Zabbix - unreachable poller processes more than 75% busy
tl;dr
여러 글들이 있지만 결국 실제로 unreachable한 호스트가 많아서 발생하는 문제였다. unreachable 호스트들을 날리자.
리치리치언리치
zabbix의 poller 중 unreachable poller는 호스트/아이템 상태가 unreachable로 돌아갔을 때
STEP 1: Cleaning up unreachable items Go to Configuration > Hosts, click on any random 'items' link. Open the filter, and clean all fields to emtpy/all/.... IMPORTANT: This includes the 'Host' field you just filled Change State from all to Not supported. This will cause Status to change to Enabled. Searching produces a report of all items that are unpollable. Unfortunately, it also includes items from disabled hosts. I disabled any item that had no chance of becoming available.

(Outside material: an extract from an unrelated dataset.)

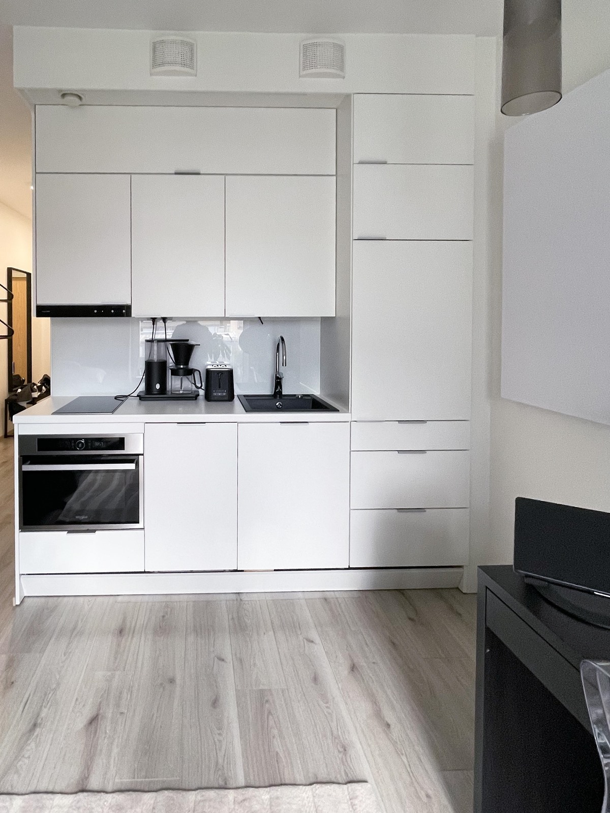 - Jenkkikaappi, erillisuuni, induktioliesi, liesituuletin, astianpesukone, kaapistot, irralliset kaapistot, kiinteät valaisimet.

STEP 2: Cleaning up unreachable hosts. Go again to Configuration > Hosts Look at the column 'Availablity' with Red/green leds for ZBX|SNMP|JMX|IPMI Everything red takes up capacity from an unreachable poller. Again I disabled any host that would never come up again
STEP 3: Finding out what the unreachable pollers are doing.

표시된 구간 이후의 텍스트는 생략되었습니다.